In the records below, find the line containing "Pvt. Allen Dale" and the line containing "This elegant dress"; please repeat exactly the lines from one to the other, both included, and nothing more.
-- INPUT RECORDS follows --
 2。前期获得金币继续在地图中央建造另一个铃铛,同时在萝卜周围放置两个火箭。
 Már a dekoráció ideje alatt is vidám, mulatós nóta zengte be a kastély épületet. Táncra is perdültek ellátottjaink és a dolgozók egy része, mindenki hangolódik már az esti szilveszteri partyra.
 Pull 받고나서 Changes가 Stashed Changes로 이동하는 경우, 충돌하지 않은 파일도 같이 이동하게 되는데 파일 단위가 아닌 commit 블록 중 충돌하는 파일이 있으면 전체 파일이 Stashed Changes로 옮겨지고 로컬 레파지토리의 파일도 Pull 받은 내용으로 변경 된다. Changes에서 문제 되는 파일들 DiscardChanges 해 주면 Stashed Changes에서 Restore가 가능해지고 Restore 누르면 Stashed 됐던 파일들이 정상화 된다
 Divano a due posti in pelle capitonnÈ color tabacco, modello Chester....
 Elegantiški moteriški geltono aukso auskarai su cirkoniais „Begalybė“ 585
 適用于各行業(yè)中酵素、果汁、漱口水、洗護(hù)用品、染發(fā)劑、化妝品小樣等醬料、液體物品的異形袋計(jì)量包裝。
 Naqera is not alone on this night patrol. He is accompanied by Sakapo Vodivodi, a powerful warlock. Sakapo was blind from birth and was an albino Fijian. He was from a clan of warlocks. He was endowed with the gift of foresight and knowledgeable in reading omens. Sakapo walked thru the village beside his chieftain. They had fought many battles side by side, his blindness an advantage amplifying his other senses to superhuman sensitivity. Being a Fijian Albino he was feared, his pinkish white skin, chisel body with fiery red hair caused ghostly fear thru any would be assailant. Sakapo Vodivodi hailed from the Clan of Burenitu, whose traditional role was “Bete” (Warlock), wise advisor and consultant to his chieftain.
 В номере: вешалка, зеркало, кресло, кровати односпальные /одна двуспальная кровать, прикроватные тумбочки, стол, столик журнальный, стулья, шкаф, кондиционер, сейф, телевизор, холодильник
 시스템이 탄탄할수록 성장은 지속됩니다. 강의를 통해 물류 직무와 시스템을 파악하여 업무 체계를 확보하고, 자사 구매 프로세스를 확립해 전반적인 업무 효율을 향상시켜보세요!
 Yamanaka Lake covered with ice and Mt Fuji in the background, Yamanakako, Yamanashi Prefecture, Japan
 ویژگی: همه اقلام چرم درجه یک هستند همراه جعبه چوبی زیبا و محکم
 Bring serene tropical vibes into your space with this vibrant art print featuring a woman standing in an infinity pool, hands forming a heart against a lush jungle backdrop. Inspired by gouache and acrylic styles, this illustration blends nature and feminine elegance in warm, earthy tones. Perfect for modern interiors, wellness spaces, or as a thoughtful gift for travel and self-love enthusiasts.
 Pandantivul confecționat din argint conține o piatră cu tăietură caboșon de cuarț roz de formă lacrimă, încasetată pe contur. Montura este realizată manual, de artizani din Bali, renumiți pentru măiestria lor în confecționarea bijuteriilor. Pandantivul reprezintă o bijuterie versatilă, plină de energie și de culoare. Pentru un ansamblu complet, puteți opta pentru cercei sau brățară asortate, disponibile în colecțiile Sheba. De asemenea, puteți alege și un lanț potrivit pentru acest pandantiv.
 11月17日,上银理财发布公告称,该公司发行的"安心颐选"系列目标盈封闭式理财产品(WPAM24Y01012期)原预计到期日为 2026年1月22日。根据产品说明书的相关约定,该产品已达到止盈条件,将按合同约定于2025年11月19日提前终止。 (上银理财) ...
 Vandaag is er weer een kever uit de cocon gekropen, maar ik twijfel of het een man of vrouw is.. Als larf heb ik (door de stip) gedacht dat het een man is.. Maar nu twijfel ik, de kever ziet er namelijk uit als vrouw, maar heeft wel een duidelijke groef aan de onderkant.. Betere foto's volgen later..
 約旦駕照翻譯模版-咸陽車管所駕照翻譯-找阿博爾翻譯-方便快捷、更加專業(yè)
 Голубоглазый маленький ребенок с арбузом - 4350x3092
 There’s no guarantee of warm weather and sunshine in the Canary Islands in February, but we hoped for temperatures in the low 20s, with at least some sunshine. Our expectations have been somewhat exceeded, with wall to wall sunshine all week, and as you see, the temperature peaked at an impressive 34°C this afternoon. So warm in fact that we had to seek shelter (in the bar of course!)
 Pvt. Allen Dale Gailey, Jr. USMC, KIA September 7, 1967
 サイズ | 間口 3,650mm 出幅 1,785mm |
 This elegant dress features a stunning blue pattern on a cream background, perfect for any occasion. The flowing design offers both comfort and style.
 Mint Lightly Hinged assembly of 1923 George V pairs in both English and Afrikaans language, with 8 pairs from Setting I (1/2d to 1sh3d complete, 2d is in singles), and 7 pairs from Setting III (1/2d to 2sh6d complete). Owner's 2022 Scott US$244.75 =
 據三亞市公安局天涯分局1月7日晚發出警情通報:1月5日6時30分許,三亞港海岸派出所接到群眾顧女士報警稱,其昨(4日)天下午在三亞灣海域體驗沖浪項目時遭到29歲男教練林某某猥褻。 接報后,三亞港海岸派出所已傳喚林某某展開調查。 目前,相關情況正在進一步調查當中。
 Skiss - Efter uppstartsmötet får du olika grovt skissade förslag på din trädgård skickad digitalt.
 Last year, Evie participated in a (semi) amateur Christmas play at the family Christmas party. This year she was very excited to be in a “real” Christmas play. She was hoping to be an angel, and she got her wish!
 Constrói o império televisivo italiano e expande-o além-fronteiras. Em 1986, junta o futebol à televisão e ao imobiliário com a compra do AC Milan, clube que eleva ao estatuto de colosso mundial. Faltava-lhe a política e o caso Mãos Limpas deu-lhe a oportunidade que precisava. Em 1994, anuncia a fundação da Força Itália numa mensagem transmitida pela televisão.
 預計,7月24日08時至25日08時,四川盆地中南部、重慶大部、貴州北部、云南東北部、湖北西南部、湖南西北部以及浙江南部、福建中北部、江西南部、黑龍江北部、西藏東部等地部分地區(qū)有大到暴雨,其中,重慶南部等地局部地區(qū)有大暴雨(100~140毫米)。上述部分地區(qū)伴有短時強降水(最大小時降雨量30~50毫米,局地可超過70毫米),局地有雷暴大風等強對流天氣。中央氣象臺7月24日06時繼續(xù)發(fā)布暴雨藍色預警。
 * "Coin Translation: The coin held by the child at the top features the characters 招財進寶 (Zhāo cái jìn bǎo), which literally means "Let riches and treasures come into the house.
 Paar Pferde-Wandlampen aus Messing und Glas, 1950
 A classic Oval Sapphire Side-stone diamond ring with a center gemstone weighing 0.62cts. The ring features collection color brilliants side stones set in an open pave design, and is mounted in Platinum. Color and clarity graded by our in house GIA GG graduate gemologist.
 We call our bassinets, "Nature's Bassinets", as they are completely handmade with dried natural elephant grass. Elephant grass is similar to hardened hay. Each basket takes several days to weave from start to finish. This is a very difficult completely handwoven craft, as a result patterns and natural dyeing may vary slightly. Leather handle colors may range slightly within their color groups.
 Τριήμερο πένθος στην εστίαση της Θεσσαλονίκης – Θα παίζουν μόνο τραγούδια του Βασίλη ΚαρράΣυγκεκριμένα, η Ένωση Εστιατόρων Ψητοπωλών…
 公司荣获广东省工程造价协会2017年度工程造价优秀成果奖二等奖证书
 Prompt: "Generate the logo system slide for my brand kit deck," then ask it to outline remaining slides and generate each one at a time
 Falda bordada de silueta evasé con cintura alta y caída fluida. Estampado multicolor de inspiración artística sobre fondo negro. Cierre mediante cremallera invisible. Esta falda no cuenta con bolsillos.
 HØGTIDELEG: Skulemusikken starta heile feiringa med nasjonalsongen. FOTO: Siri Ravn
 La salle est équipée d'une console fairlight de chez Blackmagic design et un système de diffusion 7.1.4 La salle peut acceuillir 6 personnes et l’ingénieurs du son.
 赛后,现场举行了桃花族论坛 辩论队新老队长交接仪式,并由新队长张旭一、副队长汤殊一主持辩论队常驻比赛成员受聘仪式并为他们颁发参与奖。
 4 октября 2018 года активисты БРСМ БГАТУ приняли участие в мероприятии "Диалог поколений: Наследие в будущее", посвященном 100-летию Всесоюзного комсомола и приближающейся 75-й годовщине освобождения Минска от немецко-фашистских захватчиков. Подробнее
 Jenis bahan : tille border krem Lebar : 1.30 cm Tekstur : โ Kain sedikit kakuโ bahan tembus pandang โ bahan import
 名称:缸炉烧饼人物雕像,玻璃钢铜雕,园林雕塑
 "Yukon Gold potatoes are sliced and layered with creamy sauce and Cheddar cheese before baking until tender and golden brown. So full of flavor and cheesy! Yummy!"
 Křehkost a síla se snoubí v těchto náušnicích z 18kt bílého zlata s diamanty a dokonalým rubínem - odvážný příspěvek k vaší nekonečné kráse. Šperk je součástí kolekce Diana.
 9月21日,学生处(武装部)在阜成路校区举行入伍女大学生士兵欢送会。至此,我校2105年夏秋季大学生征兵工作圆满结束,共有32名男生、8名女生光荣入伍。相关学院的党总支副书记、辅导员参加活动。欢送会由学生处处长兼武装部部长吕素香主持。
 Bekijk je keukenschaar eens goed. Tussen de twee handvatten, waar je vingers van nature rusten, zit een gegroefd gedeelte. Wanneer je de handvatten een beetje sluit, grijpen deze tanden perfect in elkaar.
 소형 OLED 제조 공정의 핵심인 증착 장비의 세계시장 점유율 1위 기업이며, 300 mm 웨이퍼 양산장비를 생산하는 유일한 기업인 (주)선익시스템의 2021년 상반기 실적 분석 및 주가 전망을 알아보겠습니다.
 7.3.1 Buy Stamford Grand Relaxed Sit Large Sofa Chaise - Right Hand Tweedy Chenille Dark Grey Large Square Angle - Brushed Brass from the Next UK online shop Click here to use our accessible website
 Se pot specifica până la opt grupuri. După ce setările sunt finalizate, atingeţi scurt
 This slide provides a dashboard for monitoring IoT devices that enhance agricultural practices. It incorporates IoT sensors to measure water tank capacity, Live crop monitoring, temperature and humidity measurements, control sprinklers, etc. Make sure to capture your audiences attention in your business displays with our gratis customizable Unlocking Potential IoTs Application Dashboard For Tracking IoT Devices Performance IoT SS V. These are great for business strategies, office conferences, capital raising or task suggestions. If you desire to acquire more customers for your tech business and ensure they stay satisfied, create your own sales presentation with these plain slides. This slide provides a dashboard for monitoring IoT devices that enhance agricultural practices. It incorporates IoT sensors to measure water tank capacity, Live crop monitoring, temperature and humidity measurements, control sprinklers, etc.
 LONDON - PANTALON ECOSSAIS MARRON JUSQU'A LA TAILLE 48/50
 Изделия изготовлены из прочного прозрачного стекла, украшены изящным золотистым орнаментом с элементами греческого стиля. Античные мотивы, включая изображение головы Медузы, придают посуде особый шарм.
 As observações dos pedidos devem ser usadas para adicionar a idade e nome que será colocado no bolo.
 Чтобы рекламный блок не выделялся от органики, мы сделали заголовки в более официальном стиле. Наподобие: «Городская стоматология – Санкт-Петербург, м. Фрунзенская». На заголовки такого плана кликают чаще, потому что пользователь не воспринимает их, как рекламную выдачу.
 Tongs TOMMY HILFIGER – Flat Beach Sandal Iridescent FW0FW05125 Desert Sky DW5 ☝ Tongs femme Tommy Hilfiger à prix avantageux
-- INPUT RECORDS concluded --
**TASK SOLUTION:**
 Pvt. Allen Dale Gailey, Jr. USMC, KIA September 7, 1967
 サイズ | 間口 3,650mm 出幅 1,785mm |
 This elegant dress features a stunning blue pattern on a cream background, perfect for any occasion. The flowing design offers both comfort and style.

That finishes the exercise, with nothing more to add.